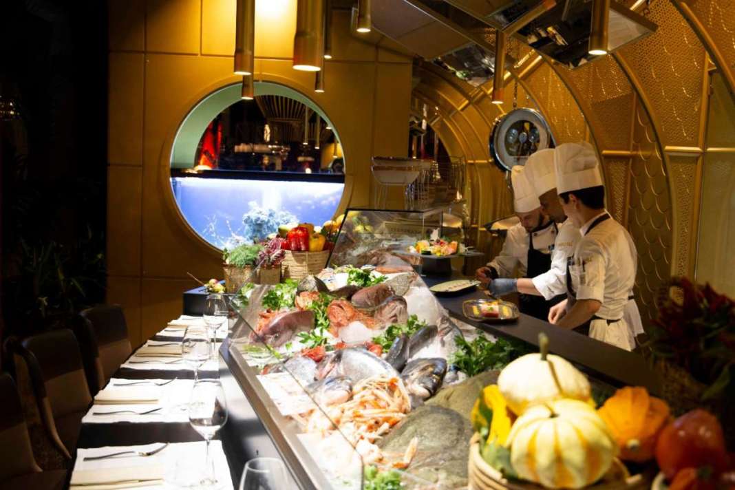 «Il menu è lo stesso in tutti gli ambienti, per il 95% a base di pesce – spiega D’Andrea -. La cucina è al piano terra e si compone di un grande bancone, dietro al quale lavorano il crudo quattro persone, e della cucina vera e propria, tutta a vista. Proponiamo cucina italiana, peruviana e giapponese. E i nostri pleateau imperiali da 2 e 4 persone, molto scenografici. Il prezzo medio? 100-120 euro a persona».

--

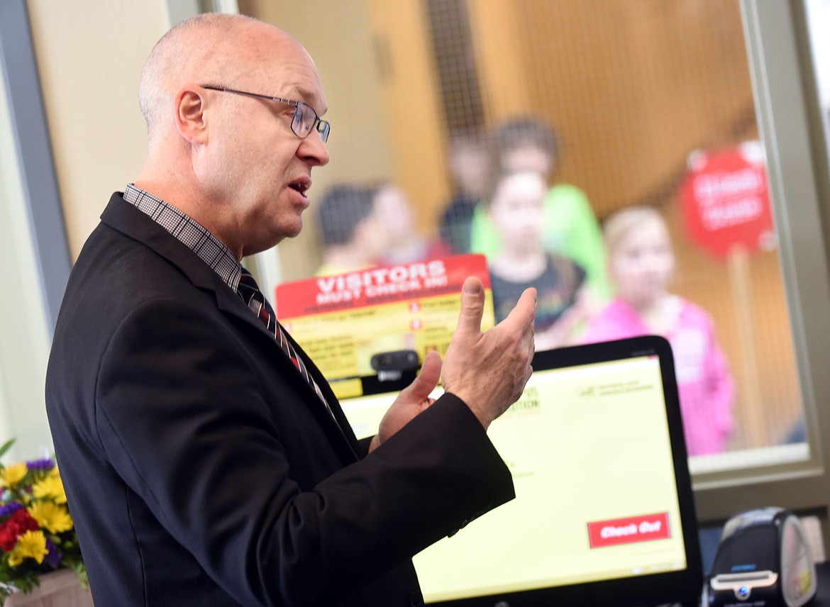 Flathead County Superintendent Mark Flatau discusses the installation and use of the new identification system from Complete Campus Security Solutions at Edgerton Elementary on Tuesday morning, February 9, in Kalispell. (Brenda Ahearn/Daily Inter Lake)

---

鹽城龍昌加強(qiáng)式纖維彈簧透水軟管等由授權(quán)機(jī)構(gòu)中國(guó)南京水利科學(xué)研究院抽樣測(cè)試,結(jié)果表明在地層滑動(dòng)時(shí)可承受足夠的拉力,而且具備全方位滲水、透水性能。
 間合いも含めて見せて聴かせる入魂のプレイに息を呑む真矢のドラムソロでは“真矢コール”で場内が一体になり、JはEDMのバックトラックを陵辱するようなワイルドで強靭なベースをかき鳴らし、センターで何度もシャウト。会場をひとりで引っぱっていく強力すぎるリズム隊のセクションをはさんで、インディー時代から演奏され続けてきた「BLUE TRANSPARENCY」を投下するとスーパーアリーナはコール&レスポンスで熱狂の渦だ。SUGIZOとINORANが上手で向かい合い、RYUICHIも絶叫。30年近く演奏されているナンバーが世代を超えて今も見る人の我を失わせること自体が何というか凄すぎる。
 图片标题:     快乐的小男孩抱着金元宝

## [What is expected]
Find where the line with "鹽城龍昌加強(qiáng)式" sits in the material above, then copy exactly from it through the line with "間合いも含めて見せて聴かせる". Add no other line.

## [Written reply]
鹽城龍昌加強(qiáng)式纖維彈簧透水軟管等由授權(quán)機(jī)構(gòu)中國(guó)南京水利科學(xué)研究院抽樣測(cè)試,結(jié)果表明在地層滑動(dòng)時(shí)可承受足夠的拉力,而且具備全方位滲水、透水性能。
 間合いも含めて見せて聴かせる入魂のプレイに息を呑む真矢のドラムソロでは“真矢コール”で場内が一体になり、JはEDMのバックトラックを陵辱するようなワイルドで強靭なベースをかき鳴らし、センターで何度もシャウト。会場をひとりで引っぱっていく強力すぎるリズム隊のセクションをはさんで、インディー時代から演奏され続けてきた「BLUE TRANSPARENCY」を投下するとスーパーアリーナはコール&レスポンスで熱狂の渦だ。SUGIZOとINORANが上手で向かい合い、RYUICHIも絶叫。30年近く演奏されているナンバーが世代を超えて今も見る人の我を失わせること自体が何というか凄すぎる。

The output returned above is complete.